PROBLEM DETAILS:
Output the data word for word, dropping every image.

SOURCE DATA Block Start

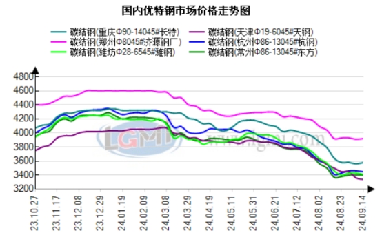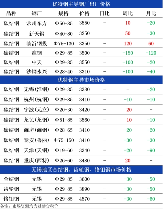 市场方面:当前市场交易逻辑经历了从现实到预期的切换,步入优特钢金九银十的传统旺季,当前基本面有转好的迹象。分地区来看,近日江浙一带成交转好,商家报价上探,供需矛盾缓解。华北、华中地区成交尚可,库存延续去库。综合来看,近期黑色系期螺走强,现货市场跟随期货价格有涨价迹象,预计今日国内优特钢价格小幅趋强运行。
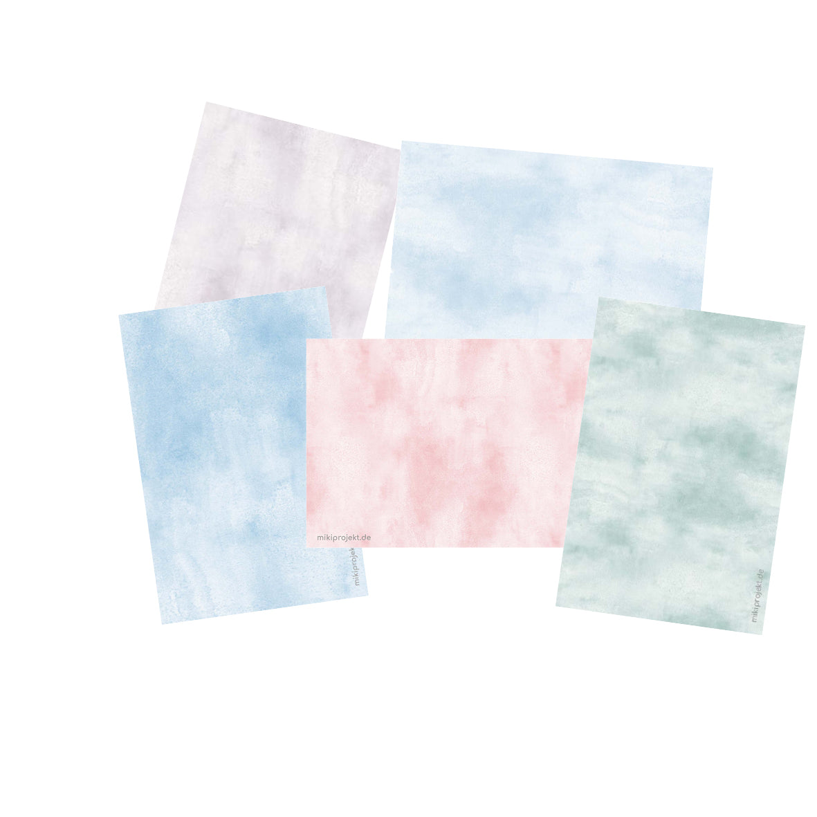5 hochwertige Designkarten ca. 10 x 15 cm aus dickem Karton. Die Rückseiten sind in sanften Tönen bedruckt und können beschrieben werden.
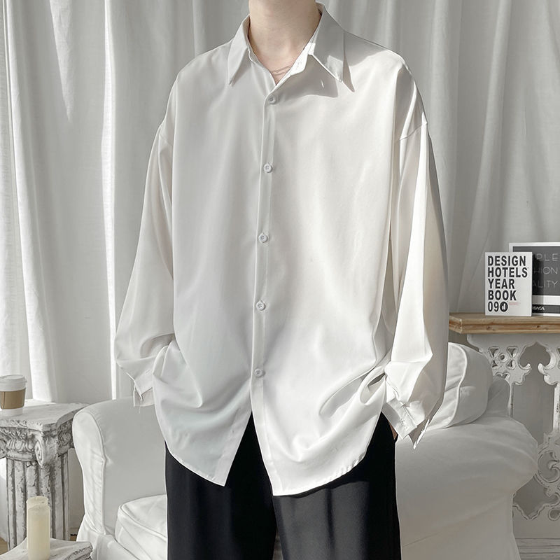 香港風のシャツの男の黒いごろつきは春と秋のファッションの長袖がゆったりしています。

SOURCE DATA Block End

EXERCISE RESULT:
 市场方面:当前市场交易逻辑经历了从现实到预期的切换,步入优特钢金九银十的传统旺季,当前基本面有转好的迹象。分地区来看,近日江浙一带成交转好,商家报价上探,供需矛盾缓解。华北、华中地区成交尚可,库存延续去库。综合来看,近期黑色系期螺走强,现货市场跟随期货价格有涨价迹象,预计今日国内优特钢价格小幅趋强运行。
5 hochwertige Designkarten ca. 10 x 15 cm aus dickem Karton. Die Rückseiten sind in sanften Tönen bedruckt und können beschrieben werden.
 香港風のシャツの男の黒いごろつきは春と秋のファッションの長袖がゆったりしています。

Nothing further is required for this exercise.